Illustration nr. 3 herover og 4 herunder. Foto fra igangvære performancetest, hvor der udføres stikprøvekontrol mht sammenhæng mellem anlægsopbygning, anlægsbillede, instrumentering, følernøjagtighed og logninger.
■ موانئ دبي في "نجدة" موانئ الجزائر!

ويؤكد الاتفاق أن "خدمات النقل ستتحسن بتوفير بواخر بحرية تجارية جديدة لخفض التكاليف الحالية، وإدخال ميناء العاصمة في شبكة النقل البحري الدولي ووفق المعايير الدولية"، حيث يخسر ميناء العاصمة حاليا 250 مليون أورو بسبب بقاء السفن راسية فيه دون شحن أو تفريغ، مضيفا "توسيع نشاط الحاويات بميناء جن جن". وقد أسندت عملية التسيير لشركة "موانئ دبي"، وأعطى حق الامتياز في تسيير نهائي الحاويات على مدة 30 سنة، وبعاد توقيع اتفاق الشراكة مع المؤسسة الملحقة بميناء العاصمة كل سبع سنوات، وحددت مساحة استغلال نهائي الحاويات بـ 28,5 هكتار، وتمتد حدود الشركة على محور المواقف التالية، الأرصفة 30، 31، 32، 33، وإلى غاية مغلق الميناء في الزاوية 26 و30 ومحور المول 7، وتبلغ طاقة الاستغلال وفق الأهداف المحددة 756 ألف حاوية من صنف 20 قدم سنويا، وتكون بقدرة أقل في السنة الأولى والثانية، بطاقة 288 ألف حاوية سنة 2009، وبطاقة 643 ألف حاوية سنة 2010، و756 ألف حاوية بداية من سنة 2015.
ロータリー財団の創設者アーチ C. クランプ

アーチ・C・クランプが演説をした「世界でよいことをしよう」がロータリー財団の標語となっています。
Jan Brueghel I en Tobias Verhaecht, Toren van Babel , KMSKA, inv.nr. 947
-*-
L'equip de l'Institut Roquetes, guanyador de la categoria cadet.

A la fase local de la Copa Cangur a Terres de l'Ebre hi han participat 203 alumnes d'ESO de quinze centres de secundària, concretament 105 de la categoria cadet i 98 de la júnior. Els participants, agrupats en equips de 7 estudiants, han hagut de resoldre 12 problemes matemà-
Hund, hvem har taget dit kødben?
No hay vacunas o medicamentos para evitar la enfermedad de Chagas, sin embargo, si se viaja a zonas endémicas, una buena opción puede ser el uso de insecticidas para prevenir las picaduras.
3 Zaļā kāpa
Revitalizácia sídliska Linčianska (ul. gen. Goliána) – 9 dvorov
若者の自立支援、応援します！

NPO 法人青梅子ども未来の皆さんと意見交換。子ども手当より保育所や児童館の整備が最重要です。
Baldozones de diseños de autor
-*-
Work to complete
Above are the entries. Quote exactly the lines from the one bearing "NPO 法人青梅子ども未来の" through the one bearing "Baldozones de diseños de autor".

Task answer
NPO 法人青梅子ども未来の皆さんと意見交換。子ども手当より保育所や児童館の整備が最重要です。
Baldozones de diseños de autor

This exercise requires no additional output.